Beneath the surface, Ted Forrest could be a maniac. He nonchalantly does things beyond the comprehension of most people, even experienced gamblers. His travels put him into contact regularly with some of the most exhausting, exasperating, obnoxious people on earth. Sometimes, there can be tremendous joy in vanquishing someone like that – or misery in losing to such people. And Forrest has been part of the some of the biggest wins – and losses – ever to occur at a poker table.

Yet he is ALWAYS a gentleman.

I’ll finish typing up my Andy Beal/Ted Forrest notes, and probably repost the entire 88 pages some day soon. I could tell that day that Ted wasn’t in a great mood, stuck on a short stack, getting bossed around by Andy early, and then losing the $7 million he won from Beal. But he was always a gentleman.

As rootless as the life of a high-stakes pro can be, and as adamant as poker pros can be that they don’t follow the “regular” rules of society, I can tell you one thing for sure about Ted Forrest: his parents did a good job raising him.

Unless the WPT messes it up, this will eventually be a broadcast for the ages. It had a great combination of surprising local players and hot pros. In addition to Ted, the final table included Bill Edler, who’s been tearing up big poker tournaments lately, but falling just short, James Van Alstyle, who is apparently now first in Card Player’s Player of the Year standings, and J.J. Liu, who battled Forrest heads-up in the WPT’s longest final table in history.

What an effort by Liu, huh? Four months pregnant and obviously uncomfortable, she battles for four days, then kicks butt all day long at the final table and is heads-up with Ted “I have all the time in the world” Forrest. Ted gives her that beatific smile like he’s ready to go another 40 or so hours, so after all that, she has to think, “Geez, you mean I’m just getting started?”

Ted has called his style “winning ugly.” He plays in what appears to be a completely random fashion – calling a lot, making small raises, checking a lot. Sometimes he has a big hand, sometimes a draw, sometimes nothing. He keeps everything small and keeps looking for a chance to induce an opponent to make a mistake.

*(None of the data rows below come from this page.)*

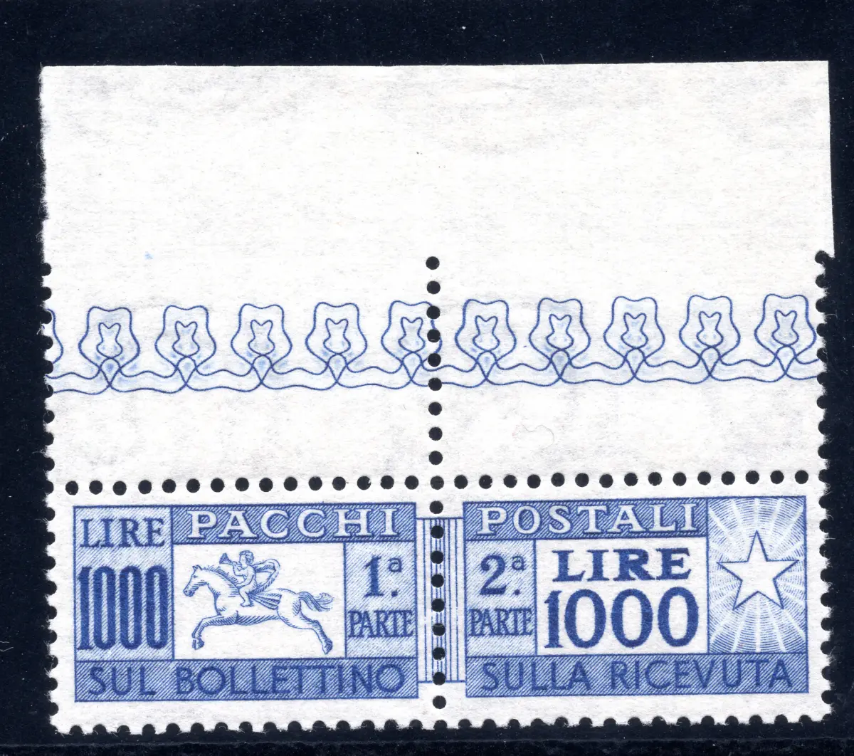 MNH - Vollgummi - - Postpakete Lire 1.000 Pferd Nr. 81 wunderschönes Exemplar b. von f. Zahnung Kamm - sehr gute Qualität und sehr gute Zentrierung - Cert. Confietti Cod.474/182
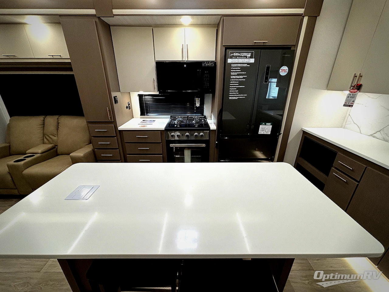 EAST TO WEST Alta Xtreme travel trailer 3250KXT highlights: King Bed, Fireplace, Dual Entry Bathroom, Rear Living Area, Pass-Through Storage, Two Theater Seats. You will feel right at home in this travel trailer! After you've unloaded the pass-through storage and set up the 21' power awning, start preparing lunch with all of the countertop space next to the kitchen sink. You can get a good night's rest on the king bed slide in the front private bedroom and store your clothes in the large front wardrobe. There is even a sliding door washer and dryer prep here if you want the option to add these appliances. The adjustable free standing table offers a comfortable place to enjoy your meals and play card games. Inside the rear living area, you will find opposing slides with a tri-fold sofa and theater seats, as well as a second set of theater seats directly across from the rear entertainment center and fireplace! Each Alta travel trailer or toy hauler by East to West is constructed with a 5" vacuum bonded roof, an enclosed and heated underbelly, and diamond plate front rock guard for added protection. Outside, you'll find marine-grade exterior speakers, a universal docking station, and back-up camera prep that can be added to make maneuvering in and out of campgrounds easier than ever. Inside, there are 4k interior LED lights, solid pressed membrane countertops, black roller shades, and many more interior comforts you are sure to love.
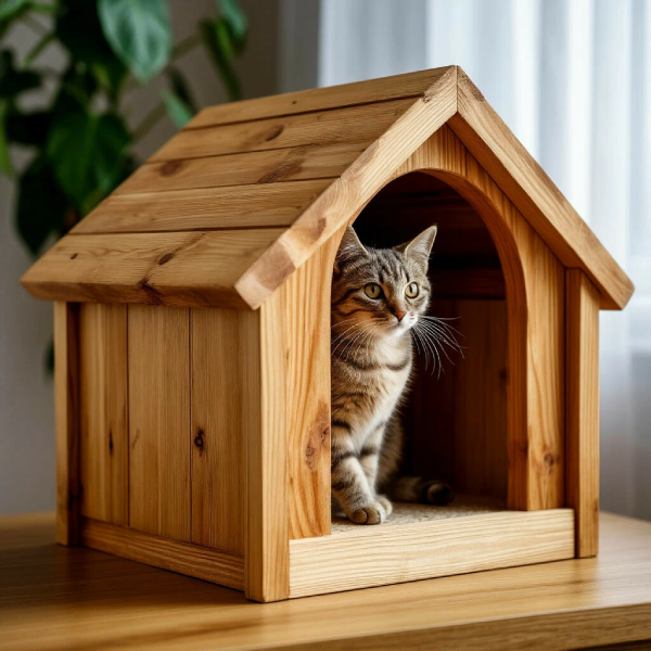 Вот отличный проект — дом для кошки из дерева! Он станет её крепостью и уютным уголком. Представьте: маленький уютный домик с мягкой подстилкой, куда кошка захочет спрятаться и отдыхать. Чтобы сделать такой дом, тебе понадобится:

It’s no accident that his matches in the first two rounds of the Heads-Up Championship were each the longest of their flight, and the same was true when he won in 2006.

So often, we see a heads-up confrontation at the end of a long tournament fizzle. The players are tired, used up, anxious for it to be over. I wasn’t there and haven’t even read detailed accounts of the final table, but this had to a nightmare come to life for J.J. Liu, yet she hung in and fought to the end.

I am an unabashed fan of Ted Forrest. I have been watching him from various close vantage points for almost three years and my admiration for him continues to grow. Because I wasn’t there, all I have are numbers to go by. Roxanna reminded me of some of this: (1) Could anyone have a wider assortment of modern titles? Five bracelets, a PPT championship, a WPT championship, a heads-up championship. (2) Ted has made four final tables in WPT events. Here are his finishes, in order: 5th, 4th, 2nd, 1st. (3) Ted has achieved a form of consistency in the very inconsistent business of tournament poker. In 2004, he won two bracelets at the World Series. In 2005, he made two WPT final tables and won a PPT event. In 2006, he won the Heads-Up Championship. Now, in 2007, he has won a WPT event.

I keep thinking that Ted is going to win the Main Event some day and nothing has dissuaded me from that belief. Thanks to this latest triumph, I have license to keep harping on it.